• _YOUR ASSIGNMENT_
Once "Qin Terra-Cotta Warriors and Horse Figurines" turns up in a line below, reproduce that line and those after it exactly, stopping after the line with "Freshly Baked Pasta Dura 680g"; leave pictures out.

• _MATERIAL PROVIDED_

++++++++++++++++++++

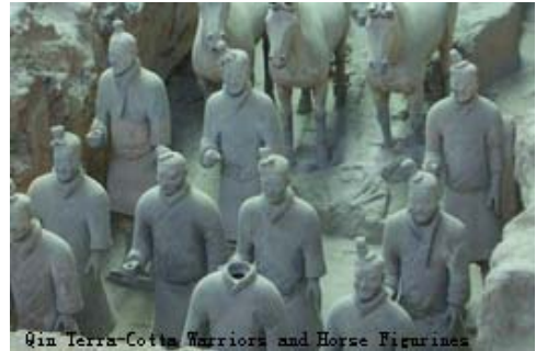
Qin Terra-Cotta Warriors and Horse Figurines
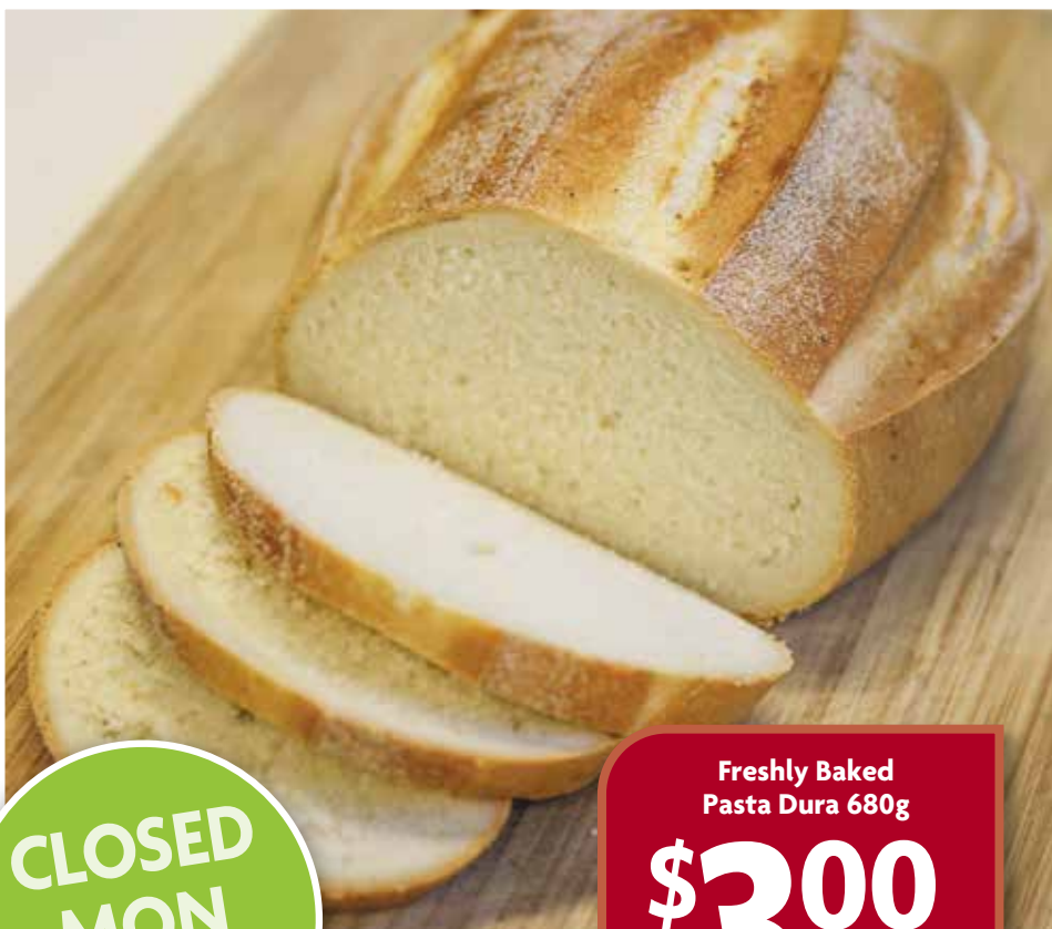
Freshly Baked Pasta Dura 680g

++++++++++++++++++++

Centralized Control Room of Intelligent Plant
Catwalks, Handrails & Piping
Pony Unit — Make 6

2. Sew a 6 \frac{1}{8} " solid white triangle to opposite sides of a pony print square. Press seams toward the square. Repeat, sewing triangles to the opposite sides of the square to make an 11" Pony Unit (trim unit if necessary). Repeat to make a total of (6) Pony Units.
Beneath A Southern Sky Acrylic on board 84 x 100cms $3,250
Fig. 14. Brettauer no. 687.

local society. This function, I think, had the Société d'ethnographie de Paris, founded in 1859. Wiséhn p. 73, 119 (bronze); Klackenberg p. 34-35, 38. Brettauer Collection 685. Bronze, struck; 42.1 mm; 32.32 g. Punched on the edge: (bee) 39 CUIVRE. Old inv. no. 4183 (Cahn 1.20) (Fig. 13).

++++++++++++++++++++

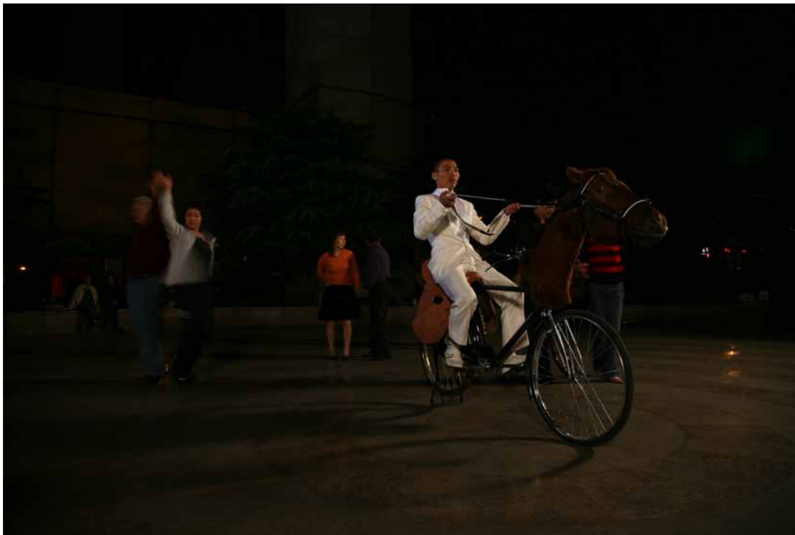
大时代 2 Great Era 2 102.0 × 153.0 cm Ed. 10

++++++++++++++++++++

• _THE COMPLETED TASK_
Qin Terra-Cotta Warriors and Horse Figurines
Freshly Baked Pasta Dura 680g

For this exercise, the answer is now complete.